= Wilhelm Weintraud =

Wilhelm Weintraud (13 August 1866 – 1920) was a German internist born in Offenbach am Main.

In 1889 he obtained his medical doctorate form the University of Strasbourg, where he spent the next few years as an assistant to Friedrich Daniel von Recklinghausen (1833–1910). In 1893 he received his habilitation in internal medicine, and from 1894 to 1896 served as a senior physician at the Berlin-Charité. Afterwards he worked in the medical clinic at the University of Breslau, and in 1898 was appointed director of internal medicine at the municipal hospital in Wiesbaden.

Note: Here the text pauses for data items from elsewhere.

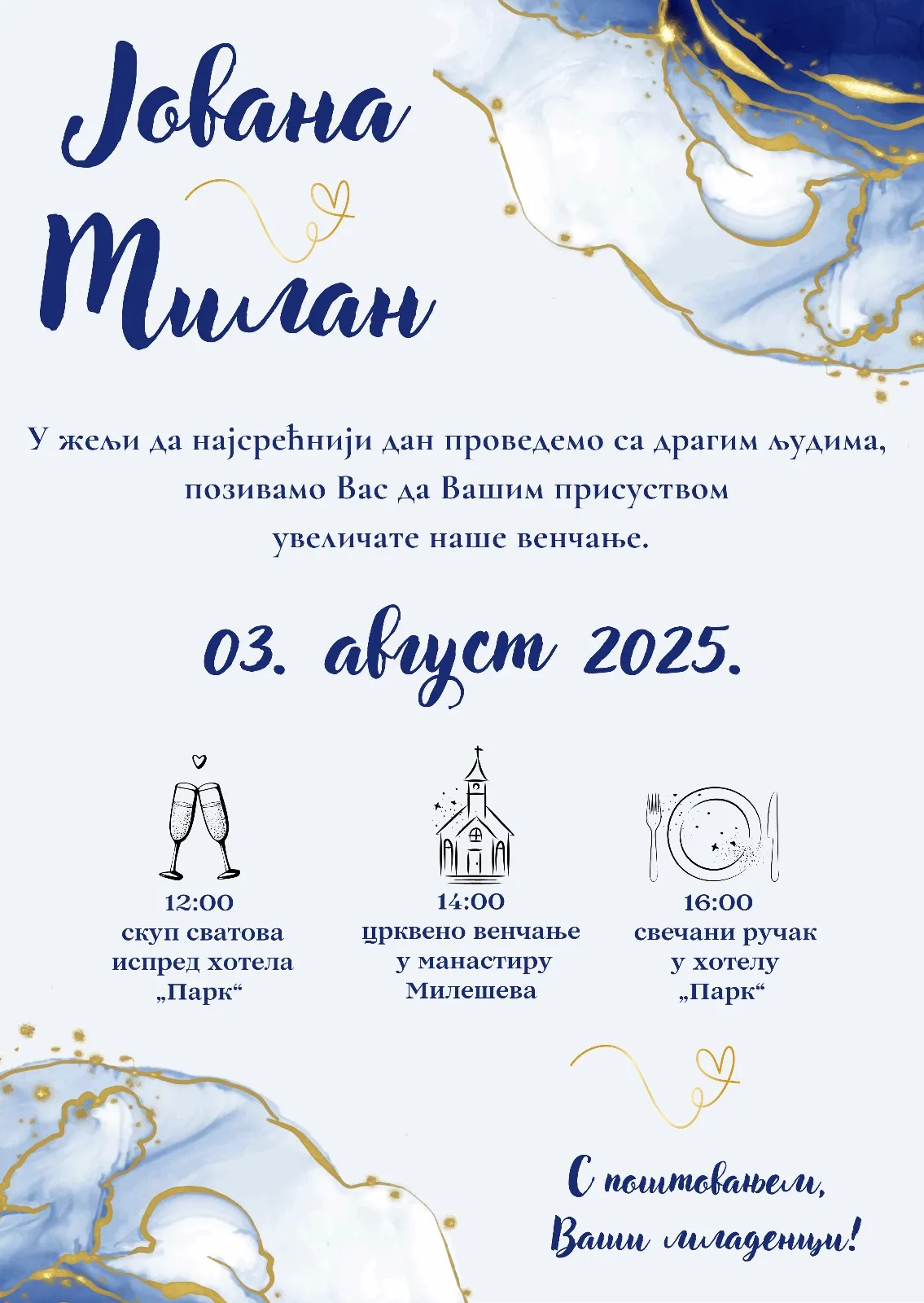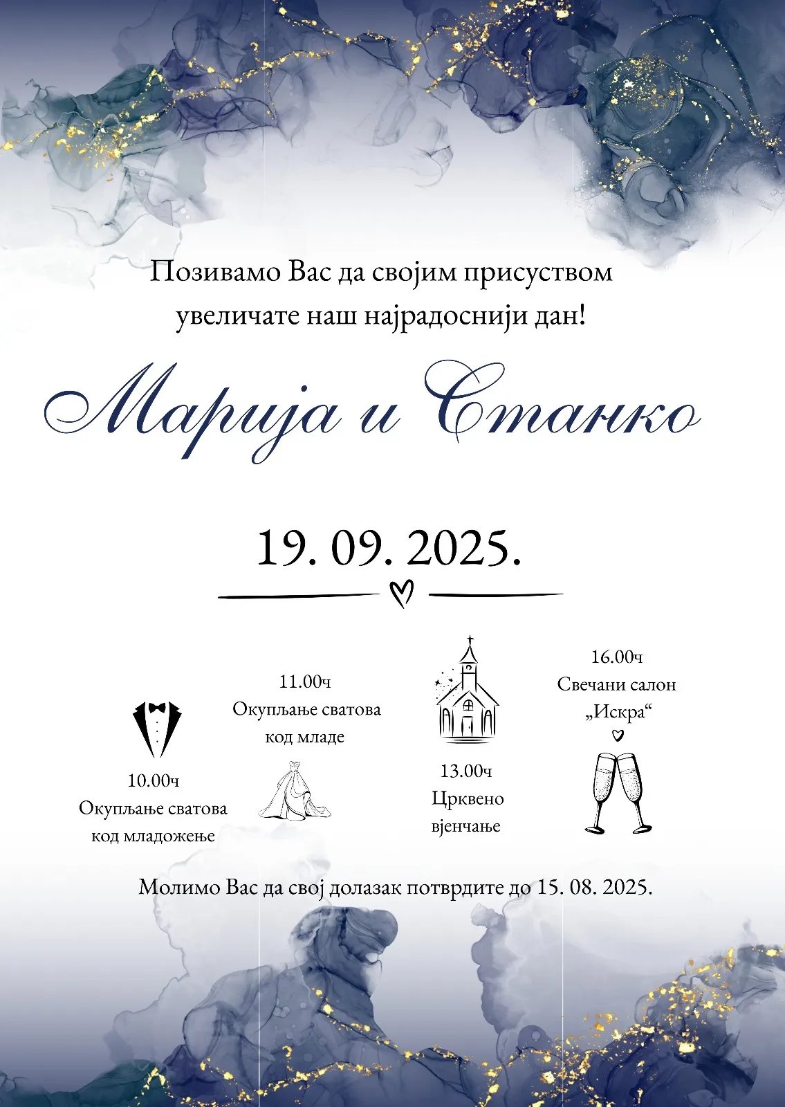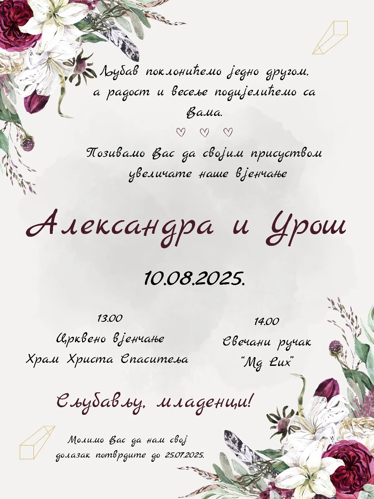 Izaberete model pozivnice koji želite, pošaljete nam Vaš tekst, izabrete da želite ćirilicu ili latinicu i koji font slova.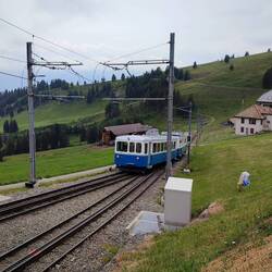 Mit dem Zug fahren wir nach Arth-Goldau. Von hier geht es weiter mit der Zahnradbahn auf die Rigi.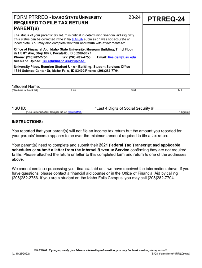 Please fill in blanks, print, sign, attach docs & returnless tab or shift tab to move between fieldwork PURRED IDAHO STATE UNIVERSITY REQUIRED TO FILE TAX RETURN PARENT(S)2324PTRREQ24The status of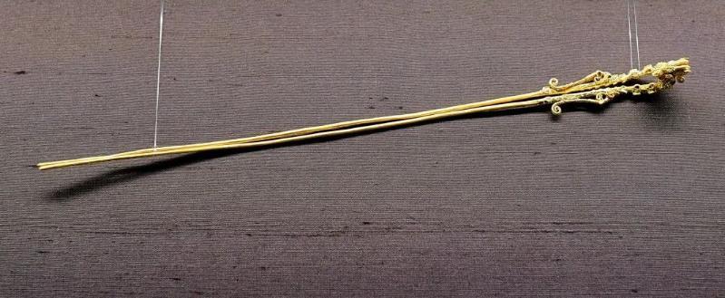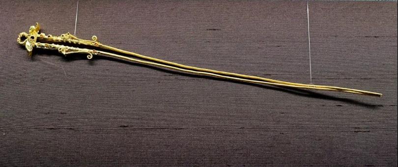 東吳大墓中出土了兩支精美的金釵,一支龍頭昂揚,另一支則是以雙鳥構成類似今天的愛心形,掐絲、炸珠、焊接等工藝裝飾,非常生動。若出土墓確為孫策大喬墓的話,這對龍鳳金釵,或許是孫策與大喬的定情信物。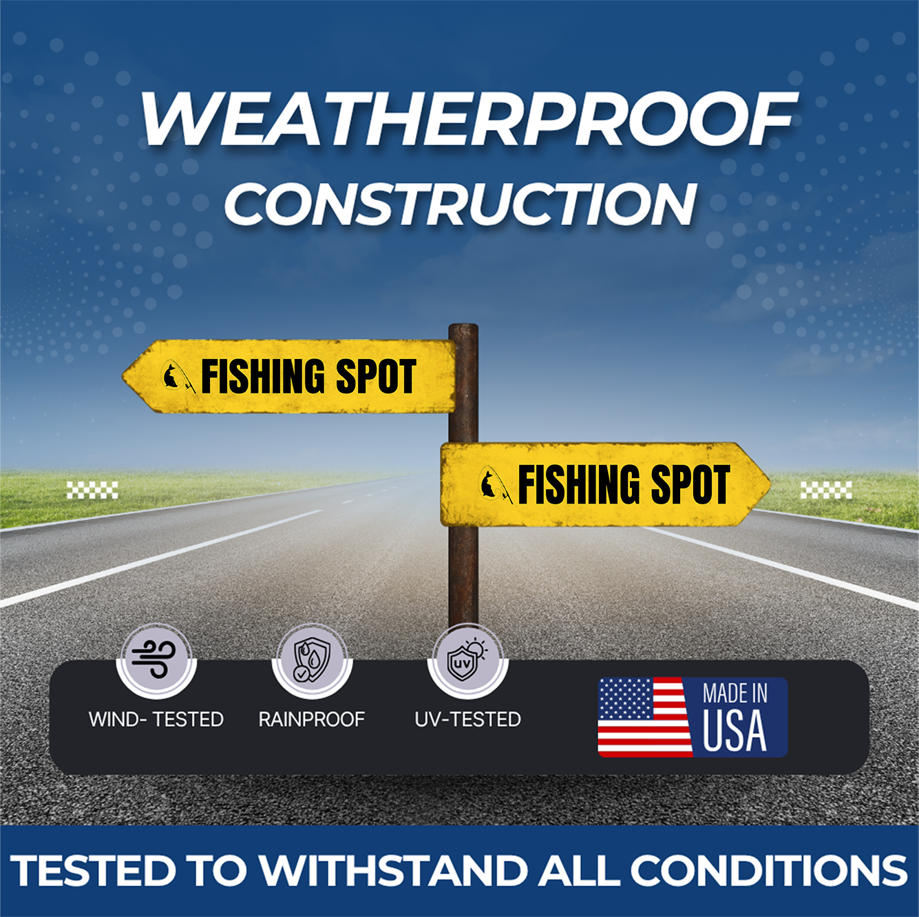Crafted from premium rust-proof metal, this sign is weather-resistant, durable, and perfect for outdoor use. A practical and attractive way to mark your Fishing Spot and help guests find their way with ease.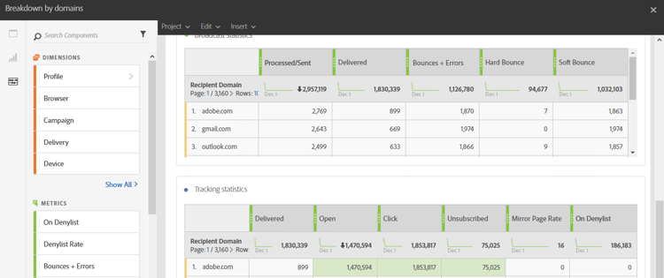 This report contains the performance data for each domain represented in the audience for an email delivery. If it is a campaign or program report, the performance data is available for multiple audiences. This data allows you to analyze the behavior of each domain in reaction to specific events. For example, link display, URL on denylist, etc.

Weintraud made significant contributions in the field of diabetology. He is remembered for his research involving the formation of uric acid, and his investigations of acetonuria. Among his better known written works are the following:
- Untersuchungen über den Stoffwechsel im Diabetes Mellitus und zur diaetetischen Therapie der Krankheit, 1893 - Studies on metabolism in diabetes mellitus and for dietary treatment of disease.
- Über den Pankreas-Diabetes der Vögel – in: Naunyn-Schmiedenberg's archives of pharmacology, , Vol. 34 (3/4. 1894), p. 303-312. - On pancreatic diabetes in birds.